Qu’est-ce qui vous rend heureux ou vous apporte de la joie ?

 

Un lieu : L’ile de Ré, la véranda  devant les marais salants, le clocher d’Ars à l’horizon et le cygne blanc, mon visiteur amoureux, dans le bras de l’océan longeant la maison.

 

Un livre : A la recherche du temps perdu, pour retrouver  Marcel Proust  dont « l’imagination est le seul organe pour jouir de la beauté ».

 

Une œuvre d’art : Versailles, les jardins  géométriques et baroques, et dans ses entrailles, la fameuse pendule astronomique  de Claude Siméon Passement, qui trône dans le cabinet de Louis XV. Programmée à donner l’heure jusqu’en 9999, elle m’y conduit.

 

Une musique : « Some men like me ‘cause I’m happy », de Billie Holiday. Et en plus “snappy”, la Partita n°2 de Bach par Glen Gould: le bonheur en cyclotron.

 

Une activité physique ou un jeu :  La natation.

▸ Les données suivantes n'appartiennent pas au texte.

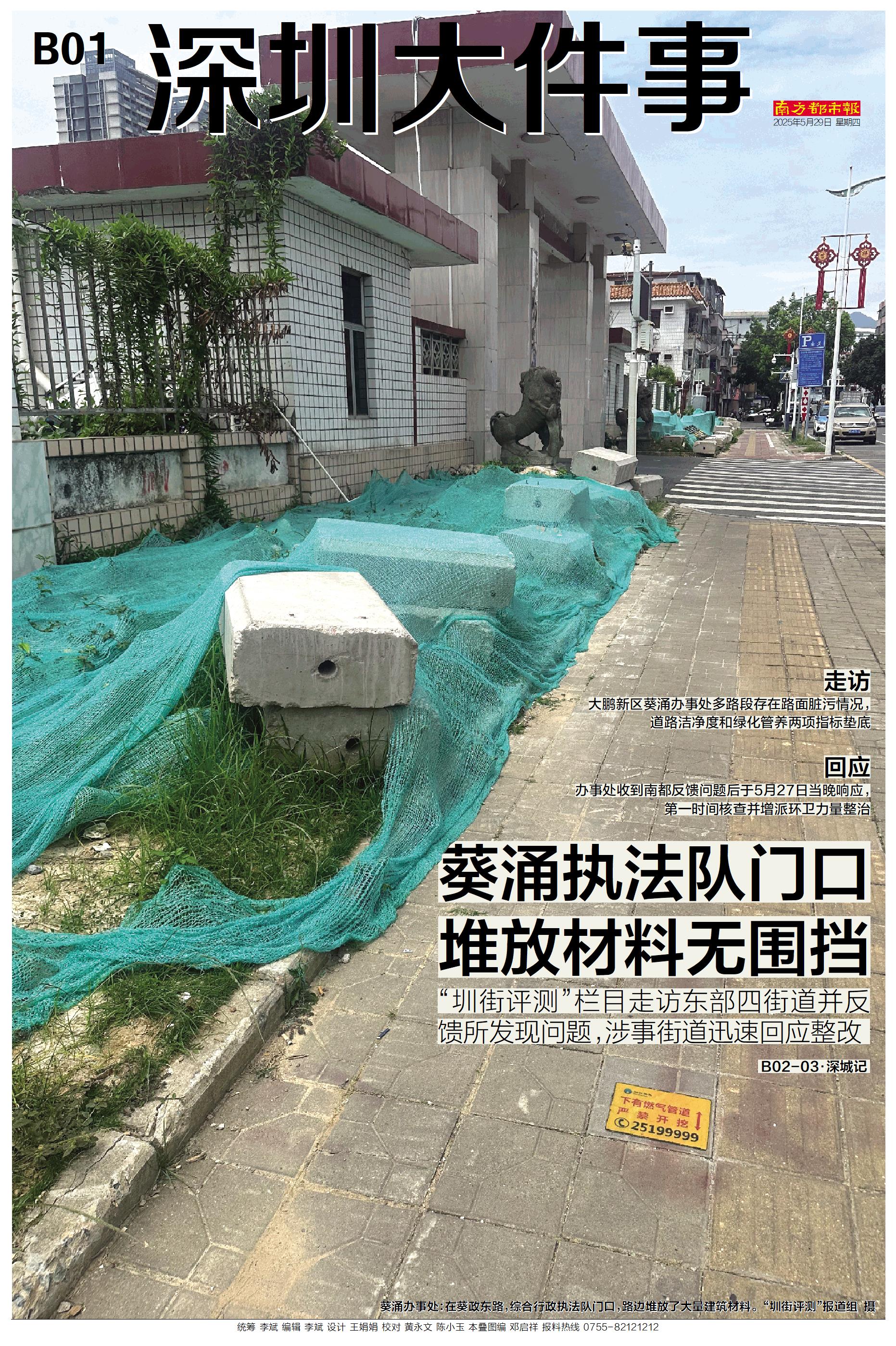 走访 大鹏新区葵涌办事处多路段存在路面脏污情况, 道路洁净度和绿化管养两项指标垫底 回应 办事处收到南都反馈问题后于5月27日当晚响应, 第一时间核查并增派环卫力量整治 B02-0

La peau devient fluide et le cœur rattrape le rythme des vagues.

 

Une personne ou une personnalité :  Émilie du Châtelet, qui a écrit un « Discours sur le bonheur », l’héroïne que je préfère dans mon dernier roman L’Horloge enchantée. Émilie pense comme moi que pour être heureux il ne suffit  pas de fabriquer des illusions : le bonheur réside dans l’art de jouir de l’illusion, qui est  nécessaire et indestructible. Il faudrait l’inventer si elle n’existait pas. Ces gens des Lumières ne remplaçaient pas Dieu par le marché du bonheur. Déistes ou athées, ils jouissaient de partager l’illusion du partage elle-même, en la discutant, en la pensant. Un « bonheur  égal  dans la jouissance et dans la privation. » Le malheur n’étant que ce qui nous fait perdre la capacité de penser.